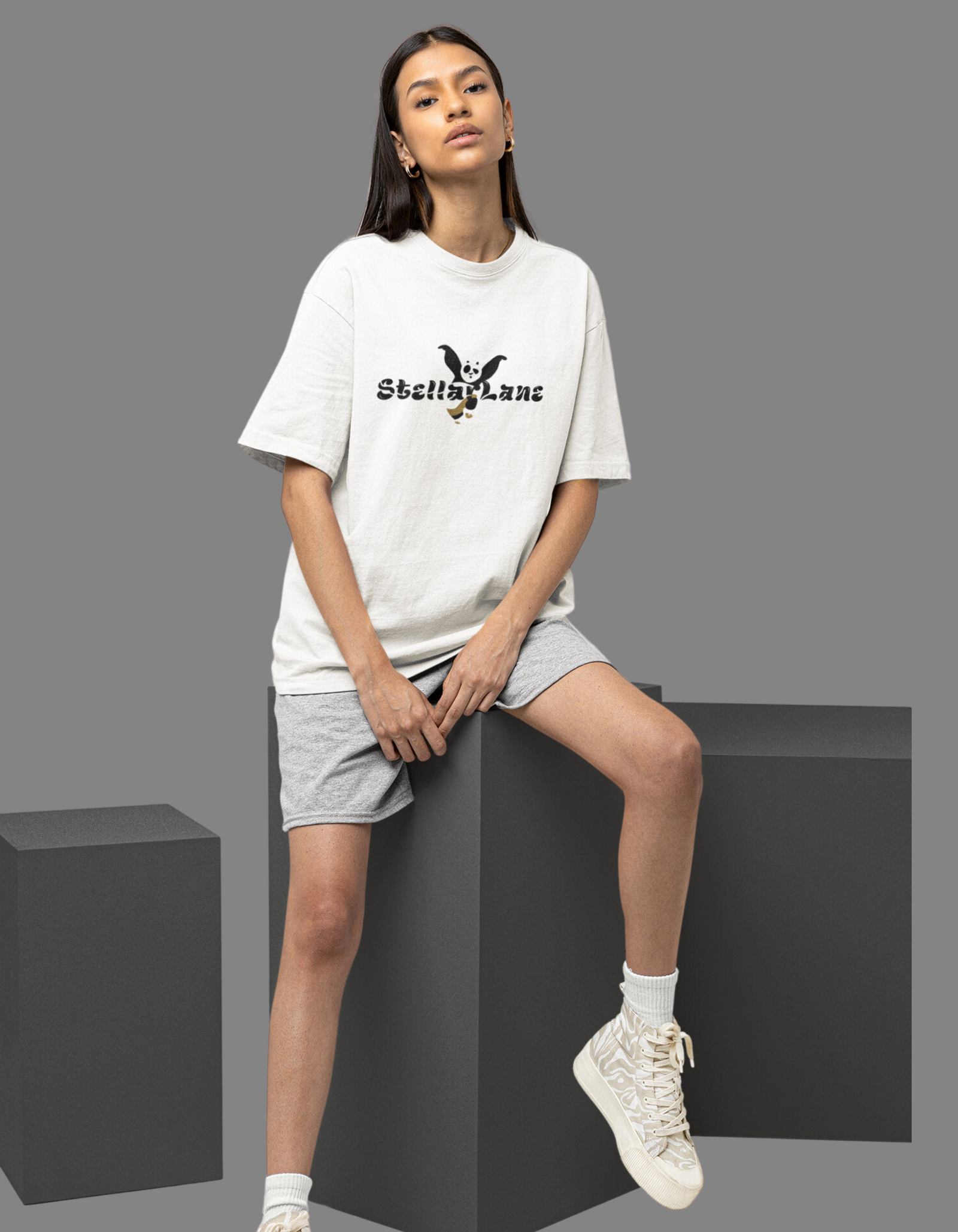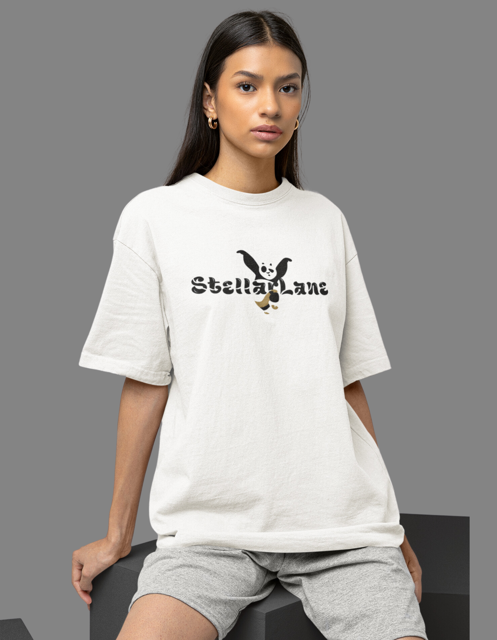 Elevate your everyday look with the effortlessly cool “Groovy Panda No Chill Terry Oversized T-Shirt” Showcasing a dynamic dancing panda graphic across the back, this oversized tee exudes playful confidence. The iconic “Stellarlane” signature subtly adorns the front, adding a touch of understated sophistication. Whether you’re enjoying a night out with friends or simply unwinding at home, this T-shirt effortlessly captures your carefree spirit and undeniable energy.
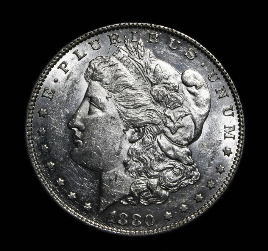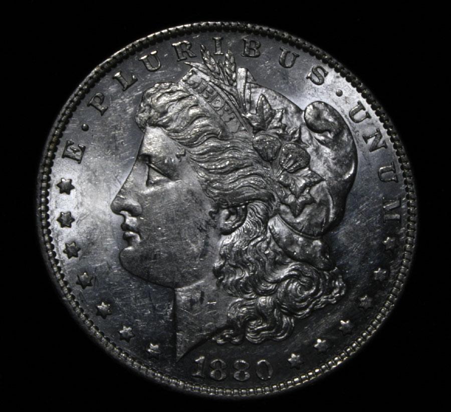 A nice uncirculated example of an 1880-o. Nice strike, good luster. Coin World's Coin Values lists ms62 at $150 The Wholesale Greysheet lists ms60 at $55 and ms63 at $295. Estimated Value $100
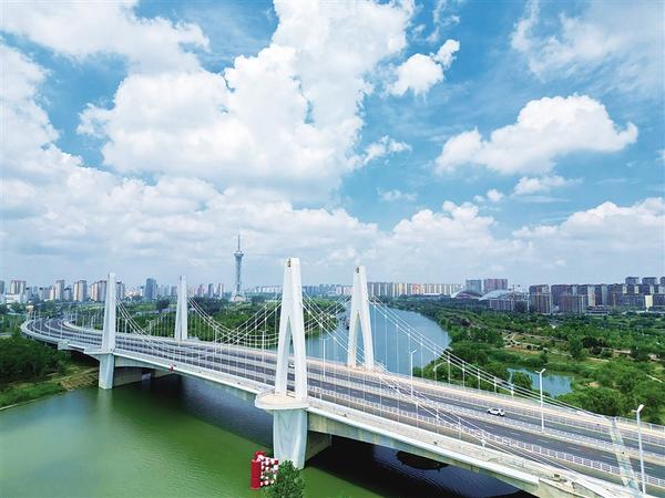 7月25日,藍天白云映襯下,周口市七一路跨沙潁河大橋以“揚帆出海”的獨特造型,生動展現了這座中原港城的雄心。作為河南“豫貨出海”的橋頭堡,周口正肩負起港口型國家物流樞紐承載城市的重任,推動“經濟通道”邁向“通道經濟”,實現高質量發展。
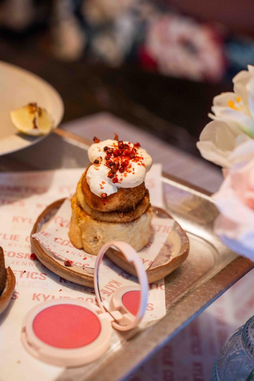 The pink-themed Kylie Café menu comes in a set, priced at $38++: you get 1 savoury dish, 2 dessert items and your choice of a mocktail or cocktail. The set menu includes a squid ink and smoked salmon dish, a matcha-raspberry cookie and a raspberry cinnamon roll. If you order the set menu, you also get a free surprise Kylie Cosmetics sample.
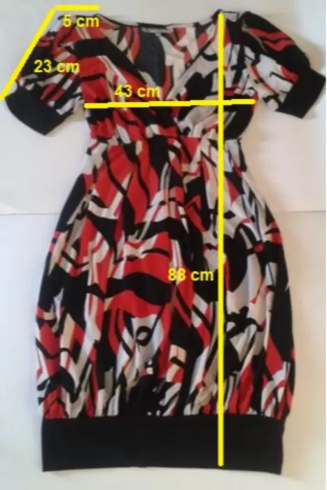 Este divino vestido multicolor (Negro/ blanco/ rojo / negro) es perfecto de dìa o de noche, ademas que lo puedes adaptar con un saco de los colores antes mencionanos y te hace ver espectacular.Compuesto de 95% Poliester y 5% elastàno.Es suelto y no queda pegado, basado en su costura te hace lucir una bella figura y sus mangas con toque de glamour.Es talla 28, pero si eres talla chica o mediana te quedarà perfecto.
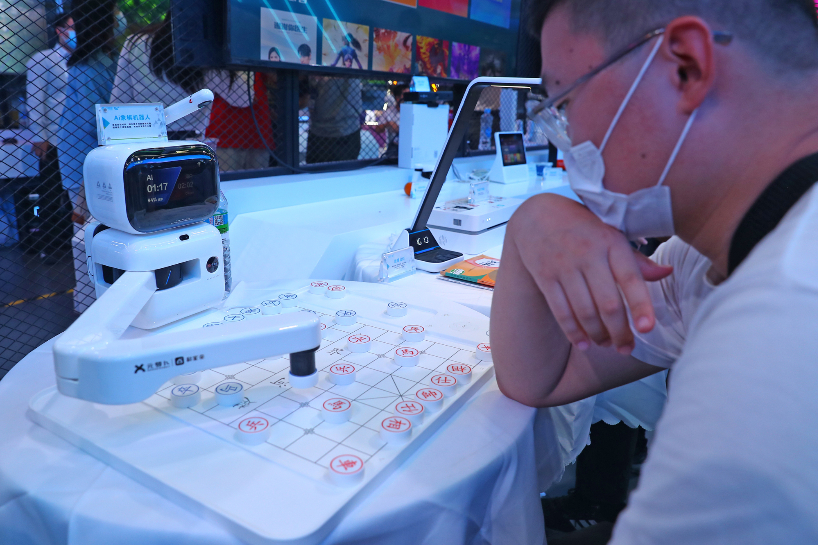 一位男子正在与AI象棋机器人对弈。(图片来源:中新社)

********************

- Aim of the exercise
Where the line containing "Este divino vestido" appears, begin writing out the lines exactly, and continue through the end of the material above, omitting pictures.

- Result
 Este divino vestido multicolor (Negro/ blanco/ rojo / negro) es perfecto de dìa o de noche, ademas que lo puedes adaptar con un saco de los colores antes mencionanos y te hace ver espectacular.Compuesto de 95% Poliester y 5% elastàno.Es suelto y no queda pegado, basado en su costura te hace lucir una bella figura y sus mangas con toque de glamour.Es talla 28, pero si eres talla chica o mediana te quedarà perfecto.
 一位男子正在与AI象棋机器人对弈。(图片来源:中新社)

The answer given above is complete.